Chinese nuclear scientists have reached an important milestone in the global quest to harness energy from nuclear fusion, a process that occurs naturally in the sun.
The team of scientists from China’s Institute of Plasma Physics announced this week that plasma in their Experimental Advanced Superconducting “Tokamak” (EAST) — dubbed the “artificial sun” — reached a whopping 100 million degrees Celsius, temperature required to maintain a fusion reaction that produces more power than it takes to run.
How did China manage to pull it off?
While current nuclear power plants rely on nuclear fission — a chain reaction where uranium atoms are split to release energy — nuclear fusion effectively does the opposite by forcing atoms to merge.
One way of achieving this on Earth is by using what’s known as a tokamak, a device designed to replicate the nuclear fusion process that occurs naturally in the Sun and stars to generate energy.

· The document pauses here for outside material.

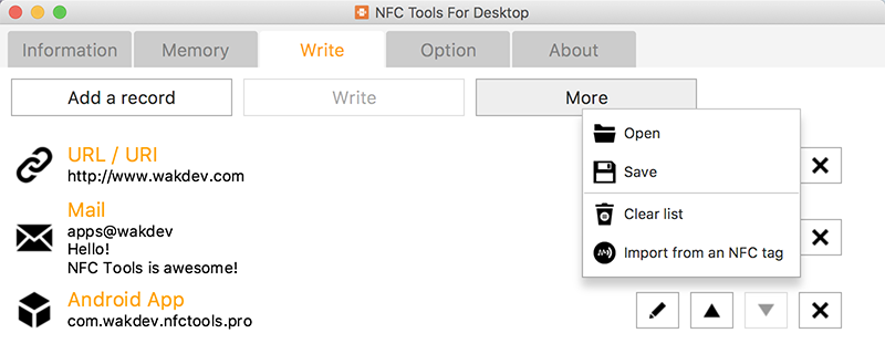 Save / load your record list and import from an existing NFC tag

The EAST that pulled off the 100 million Celsius feat stands at 11 metres tall, has a diameter of 8 metres and weighs about 360 tonnes.
It uses a ring to house heavy and super-heavy isotopes — atomic variations — of hydrogen known as deuterium and tritium.
The isotopes are heated by powerful electric currents within the “tokamak”, tearing electrons away from their atoms and forming a charged plasma of hydrogen ions.
Powerful magnets lining the inner walls of EAST then contain the plasma to a tiny area to maximise the chance that the ions will fuse together.
When the ions fuse they give off a large amount of energy, which can then be harnessed to run a power plant and produce electricity.
The Chinese research team said they were able to achieve the record temperature through the use of various new techniques in heating and controlling the plasma, but could only maintain the state for about 10 seconds.
The latest breakthrough provided experimental evidence that reaching the 100 million degrees Celsius mark is possible, according to China’s Institute of Plasma Physics.